Я меняюсь на глазах. Начиная с нижнего белья. У меня вместо трусов-динамо – белые трусики, похожие на плавки со сложным разрезом спереди – за эти трусики мне еще достанется позже в Москве, и настоящие шорты выше колен. На мне темно-синий коттоновый свитер, о самой возможности которого Москва узнает только в 1990-е годы, и куртка с накладными карманами. Мы с мамой выходим из посольства, сворачиваем направо, проходим несколько домов: я тоже стригусь в настоящей парижской парикмахерской с удивительно мягкими креслами. Родители втягиваются во французский стиль. Они, молодые, стройные, созданы для этого. Но если мы одеваемся хорошо, то говорить об этом – дурной вкус. В семье действует запрет; пижонство считается отвратительным. Мои родители постепенно становятся похожи на иностранцев.
Иностранец – это враг. Папа работает на территории врага. Париж полностью населен иностранцами. По всему городу продают запрещенные в Москве иностранные газеты, радио говорит на запрещенные темы, в кинотеатрах показывают запрещенные фильмы, развеваются страшные иностранные флаги. Советские дипломаты выезжают за ворота посольства как на войну. Мало кто верит, что вернется живым домой. Советский посол Павлов, предшественник Виноградова, с гордостью сообщал в Москву, что в течение года не потратил ни одного франка на прием французов у себя в посольстве.
Папа приехал во Францию в тот момент, когда степень вредности иностранцев была несколько снижена. Обернувшись туристами, они целыми группами хлынули в Москву и Ленинград. Папа помогал организовывать эти поездки. Папа приехал в Париж под советским лозунгом разрядки международной напряженности. Однако все хорошо, что ослабляет, дробит, подрывает Запад. Конечно, мой папа был настоящим дипломатическим террористом. Он мечтал, чтобы Францией руководили коммунисты, чтобы была Французская социалистическая республика.

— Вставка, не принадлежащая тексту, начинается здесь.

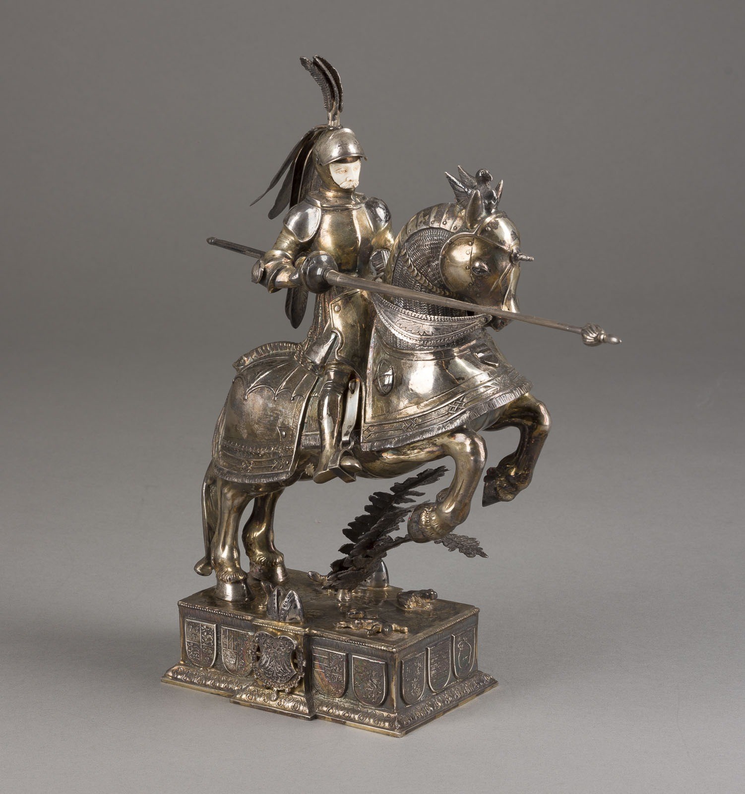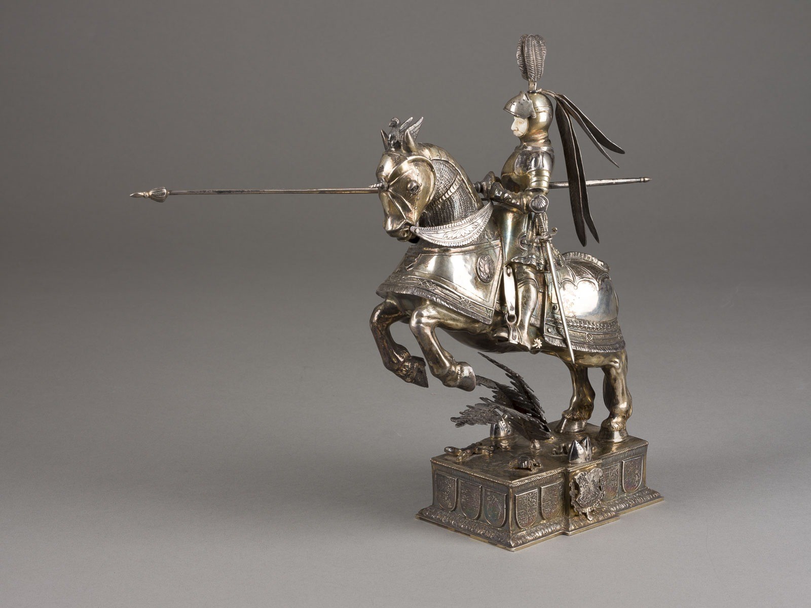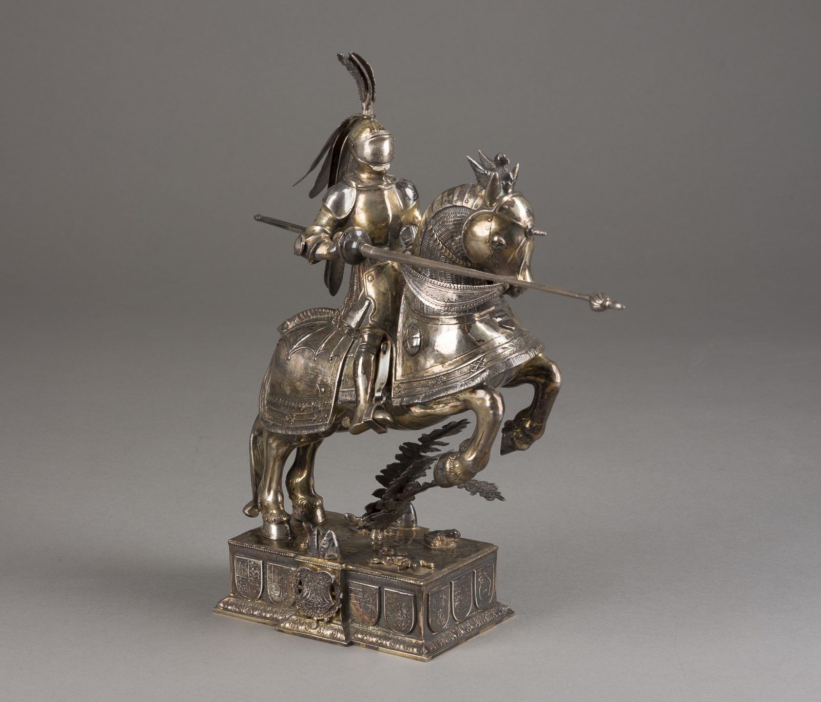 800er Silber, part. vergoldet, getrieben, partiell ziseliert, Gesicht aus Elfenbein geschnitzt. Gew. 1969 g, H. 33,3 cm. Punziert mit Halbmond, Krone, Feingehaltsangabe '800', Firmensignet. Stilistisch orientiert sich der reitende Turnierritter wohl an Illustrationen in Albrecht

Он вряд ли хотел лишить французов апельсинов и вина, создать очереди за «камамбером» и молоком. Об этом он не думал. На это его воображение не распространялось. Голод в Париже, расстрелы, чистки должны были организовать другие люди, которых он не любил.
Мой папа антиисторичен. Все, против чего он боролся, победило. Все, за что он боролся, провалилось вместе с именем страны, от которой он был послан. За одним исключением. Отец был в посольстве культурным советником, при котором начался культурный обмен. В Париж поехали советские музыканты, советский цирк, Галина Уланова. Французы воют от удовольствия. Залы ломятся. Русские эмигранты сидят на концертах и плачут. Эмигранты страшнее иностранцев. Однажды мы с родителями были на Северном море – бельгийском курорте Остенде. Сидим себе мирно в кафе. Я пью какао. Вдруг – скандал. Какие-то милые люди, которые сидят семьей в том же кафе, требуют от хозяина нас прогнать только за то, что мы приехали из Москвы:
– Это советские убийцы!
Хозяин нас не прогнал, мы сами быстро сбежали. Я так и не допил свое какао.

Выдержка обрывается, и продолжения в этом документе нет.